Senator Webster - How do you emphasise that point?

Senator STEELE HALL - I emphasise it by directing any honourable senator who wishes to inquire to the South Australian Hansard in which he will find that the South Australian Premier has said quite clearly that they cannot have their jobs and remain in Adelaide. They are to be sent to Monarto.

Senator McLaren - Did you vote against the legislation?

Senator STEELE HALL - I have spoken quite clearly on the Monarto situation in South Australia. What Senator McLaren did not tell the House was that if you draw a 40 mile radius from Adelaide you will find that Monarto is the worst conceivable position you could find on any part of that rim, except for the more mountainous or obviously unsuitable areas geographically, on which to build a town. Of any area where a city can be put, Monarto is the worst on that radius. There is no dispute about that fact.
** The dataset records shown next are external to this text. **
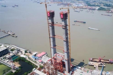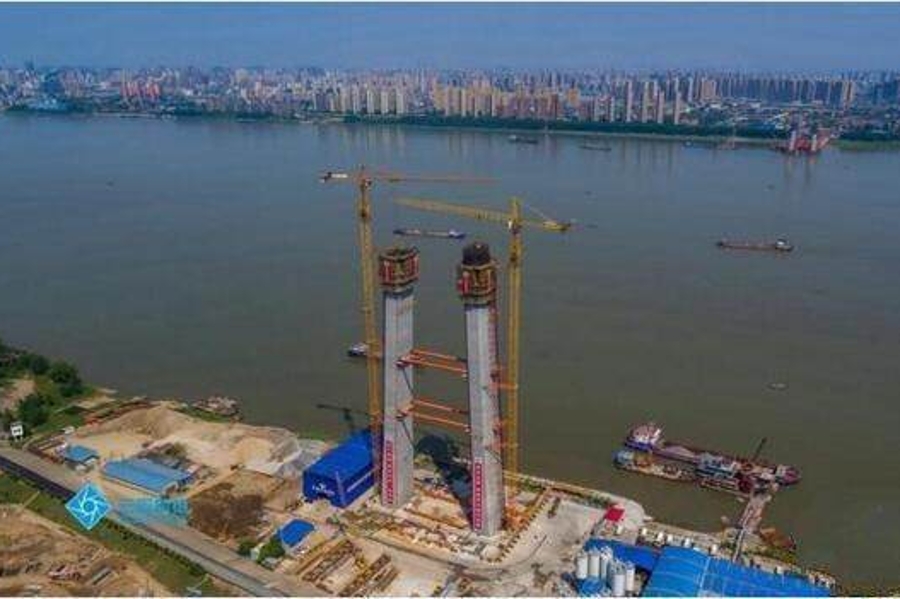 A gigantic bridge is being built over the Yangtze River.
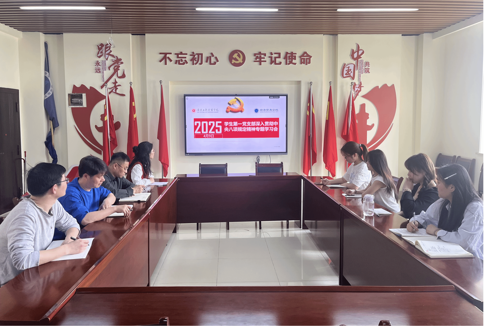 为深入贯彻中央八项规定精神,推动全面从严治党在学生党员群体中落地生根。经济贸易学院学生第一支部于4月9日在党员活动室召开专题学习会,深入学习中央八项规定精神,支部书记朱清涟主持会议,全体党员同志参加学习。
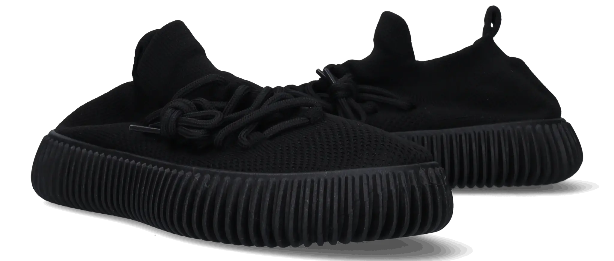 Cardigan is a comfortable black trainer, made from flexible stretch fabric, that fits your foot perfectly. The shoe is finished with a lace-up fastening and a striking, ribbed sole.
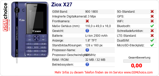 Hast du eigene Webseite? Willst du die Informationen über Standarddaten des Handys Ziox X27 irgendwo veröffentlichen? Das ist sehr einfach. Du kannst das Bild herunterladen oder kopieren und auf der Webseite folgenden Code hinzufügen:Das Einfügen von diesem Code verursacht das Anzeigen von dem folgenden Bild:

One of the people who worked on the report that went to the State Government told me that his view was that the Adelaide extension should have gone to the southern area in the Willunga district where there are some of the best living conditions that South Australia can produce. In that district there is a very large area of developmental land where there could be another successful satellite city. Monarto will develop into that most horrible of all types of cities- a dormitory area for which the Government will have to provide efficient transport across a mountain range so that people can work in Adelaide. The only alternative is to make Monarto attractive. We have heard already the proposition that it is to be laced with enormous ornamental lakes and that there is to be, from memory, a forest of 1 6 million trees. In other words the South Australian Government at this moment envisages doing at Monarto what has been done at Canberra without the more desirable climatic surroundings of Canberra and that is to create its own type of Lake Burley Griffin, its own $16m forest and its own attractions to get people to go to one of the most arid areas in the existing farming districts of South Australia.
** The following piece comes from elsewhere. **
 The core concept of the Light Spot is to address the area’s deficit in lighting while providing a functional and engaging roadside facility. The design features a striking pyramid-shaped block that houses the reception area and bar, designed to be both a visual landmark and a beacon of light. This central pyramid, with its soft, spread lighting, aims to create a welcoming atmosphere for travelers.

Senator McLaren - Who said anything about $ 1 6m? You cannot verify that statement.

Senator STEELE HALL - I would like to ask Senator McLaren what he thinks it will ultimately cost for every dwelling to be placed in that situation, together with its support facilities. Think about the cost to the Housing Trust in South Australia. The report prepared by the consultants, not by Senator McLaren's Government, engaged to look at Monarto said that in effect it was the wrong place. Even the experts who have looked at the area have said that the situation is wrong.

Senator Baume - It is a compelling document.

Senator STEELE HALL -They also said in that compelling document that the South Australian Housing Trust was an amazingly efficient organisation. It has been long recognised as the most efficient housing organisation in Australia. The economics of South Australian community housing will be reversed by loading that organisation with possibly three times the cost of housing by the time the cost of immense support facilities, beautification and the like at Monarto are added. This will completely upset the economics of providing housing for the growth which it is now desired to take outside Adelaide. No one quarrels with the contention that there must be alternative growth centres for Australia's capitals. But in choosing a new growth centre for South Australia's population at this stage of Adelaide's development the South Australian Government has selected the worst conceivable site available to it. No parrotting of the South Australian Government's defence of a quite unsupportable situation by Senator McLaren can make it any better.